The Treasury Department and the U.S. Small Business Administration (SBA) just released the Paycheck Protection Program (“PPP”) Loan Forgiveness Application.  The accompanying instructions and worksheets are very helpful in explaining how employers who borrowed PPP money can obtain forgiveness of their loans.  Here are some highlights:

  1. Average Full-Time Equivalent Employees: Average full-time equivalent employees are based on a 40-hour workweek. Employers should enter the average number of hours paid per week for each employee, divide by 40, and round to the nearest tenth. The maximum for each employee will be capped at 1.0. The instructions also offer a simplified method that assigns a full-time equivalent number (FTE) of 1.0 for employees who work 40 hours or more per week and 0.5 for employees who work fewer hours, at the employer’s option. This is important for purposes of computing any reductions to the loan forgiveness amount based on headcount.

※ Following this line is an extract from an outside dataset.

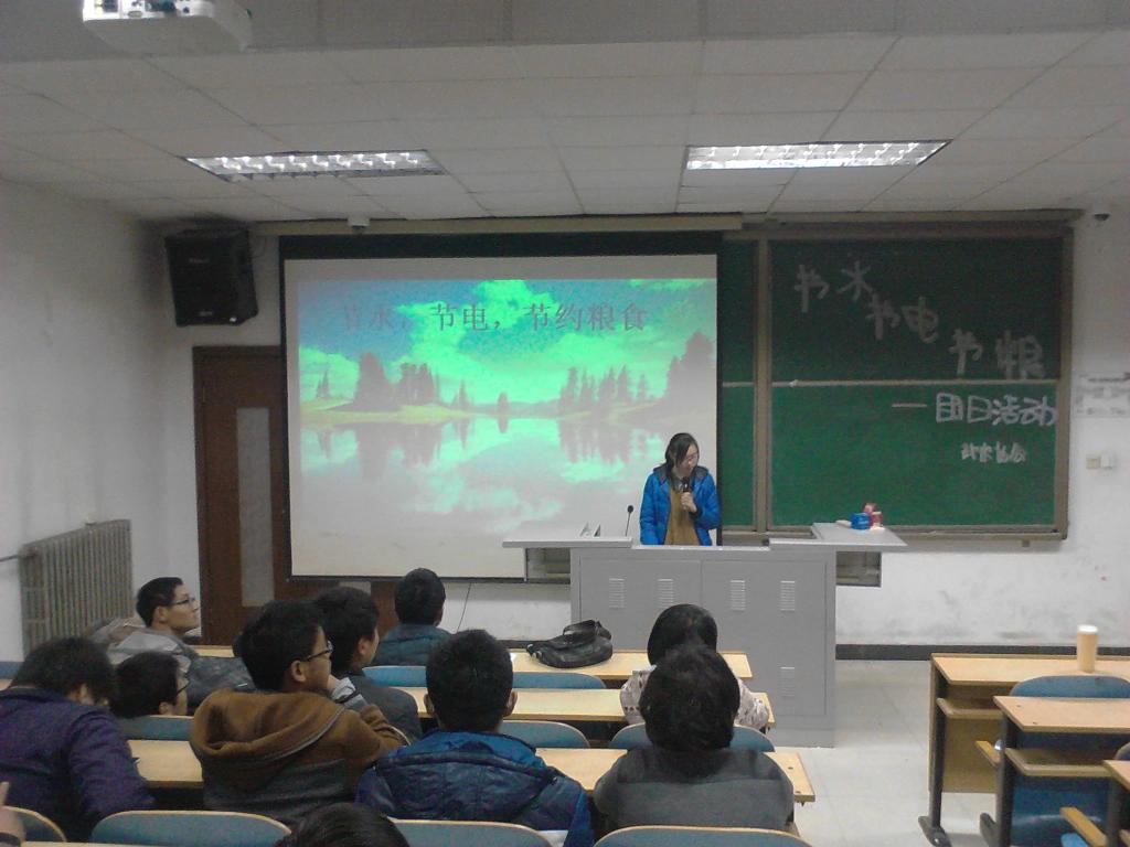 2013年11月22日晚7:30校团委主办,武术协会承办的以“节粮节水节电”为主题的团日活动在教二楼西一阶教室开展。此次活动旨在让当代大学生增强节水节电节粮的意识,减少浪费。

Be consistent in computing full-time equivalent numbers for each measured period.
  2. Excused Reductions in Workforce: Employers who laid off employees (between February 15, 2020 and April 26, 2020) and offered to rehire the same employee, but whose employees reject such offer of re-employment, will not be penalized if the employer made a good faith, written offer of rehire, and the employee’s rejection of the offer is documented.  In addition, the forgiveness amount will not be reduced for (i) termination of an employee for cause, (ii) voluntary resignation by employee, or (ii) a reduction of hours at the voluntary request by an employee.
  3. Eligible Forgiveness Costs: Payroll costs eligible for forgiveness include: (a) incurred payroll costs: Payroll costs are incurred on the day that the employee’s pay is earned; (b)  Paid payroll costs: Payroll costs are paid on the day that paychecks are distributed or when the employer initiates an ACH credit transaction.  Payroll costs for which forgiveness is sought must be paid during the 8-week forgiveness period, except that payroll costs incurred but not paid during the employer’s last pay period of the 8-week forgiveness period (or alternate covered period*) are eligible for forgiveness if paid on or before the next regular payroll date. Employers may elect an alternate payroll covered period, which allows them to begin the eight week pay period on the date that begins on the first day of their first pay period following the disbursement date of the Paycheck Protection Program loan, for administrative convenience. This applies only for payroll costs, not rent, utilities, and interest on mortgage obligations.  Eligible nonpayroll costs must be paid during the 8-week forgiveness period or incurred during the 8-week forgiveness period and paid on or before the next regular billing date, even if the billing date is after the 8-week forgiveness period. Please be reminded that eligible nonpayroll costs, i.e. qualifying rent, mortgage interest and utilities, may not exceed 25% of the forgiveness amount (or the PPP loan amount).